→ **What is required**: Using the listing below, give again exactly the lines from the line with "SIFONE IN OTTONE" to the line with "Limited Rhinestone Collection", inclusive, without the pictures.

→ **The input**:
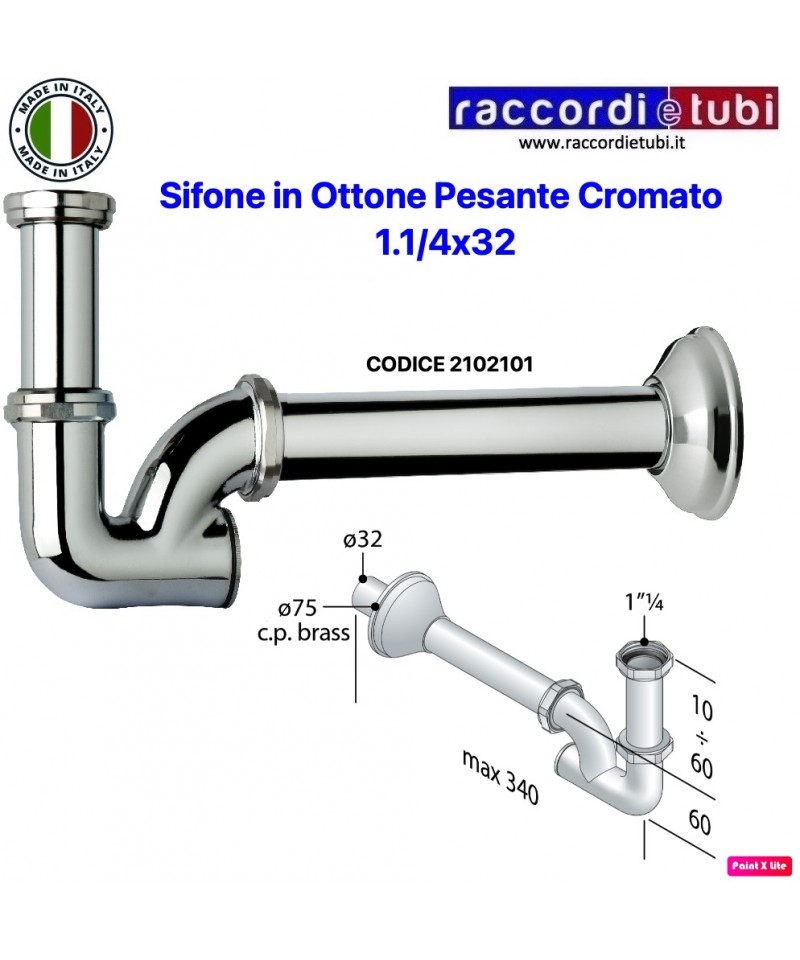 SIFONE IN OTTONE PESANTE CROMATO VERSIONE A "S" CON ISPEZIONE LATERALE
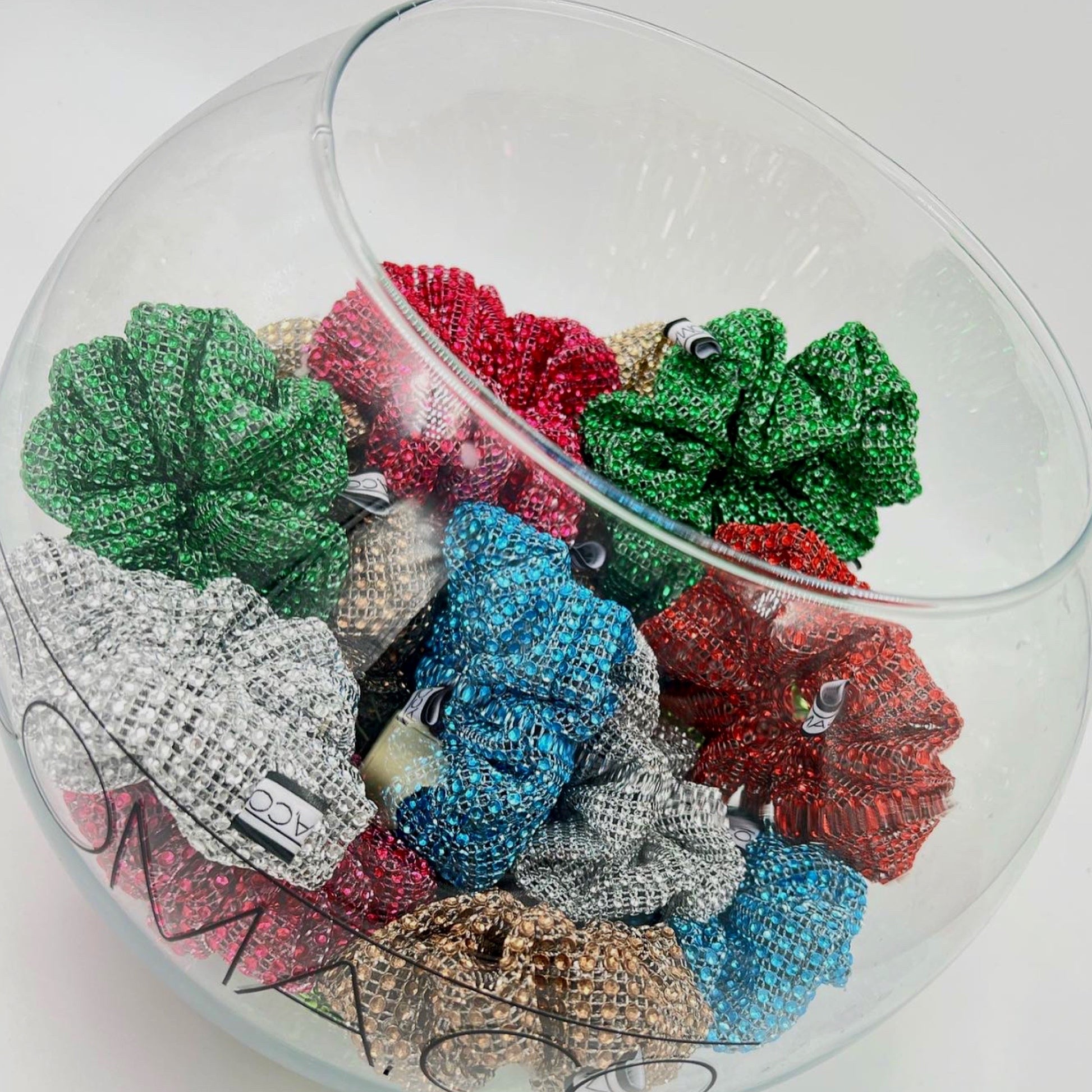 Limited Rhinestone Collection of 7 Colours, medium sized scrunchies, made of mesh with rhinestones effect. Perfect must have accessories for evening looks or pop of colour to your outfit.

* * *

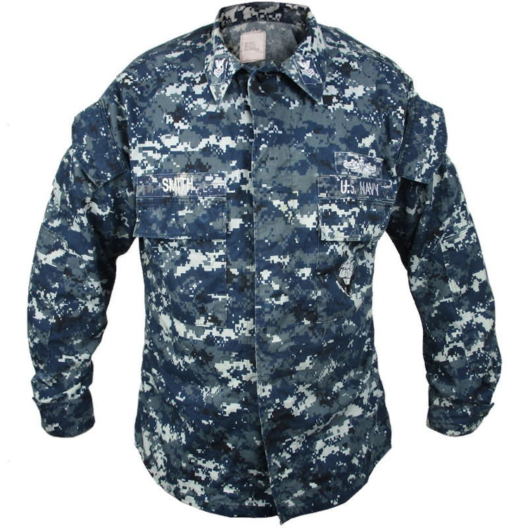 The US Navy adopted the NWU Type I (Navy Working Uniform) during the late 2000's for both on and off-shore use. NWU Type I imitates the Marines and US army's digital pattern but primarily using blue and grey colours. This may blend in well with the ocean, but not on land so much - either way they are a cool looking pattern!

→ **Written solution**:
 SIFONE IN OTTONE PESANTE CROMATO VERSIONE A "S" CON ISPEZIONE LATERALE
 Limited Rhinestone Collection of 7 Colours, medium sized scrunchies, made of mesh with rhinestones effect. Perfect must have accessories for evening looks or pop of colour to your outfit.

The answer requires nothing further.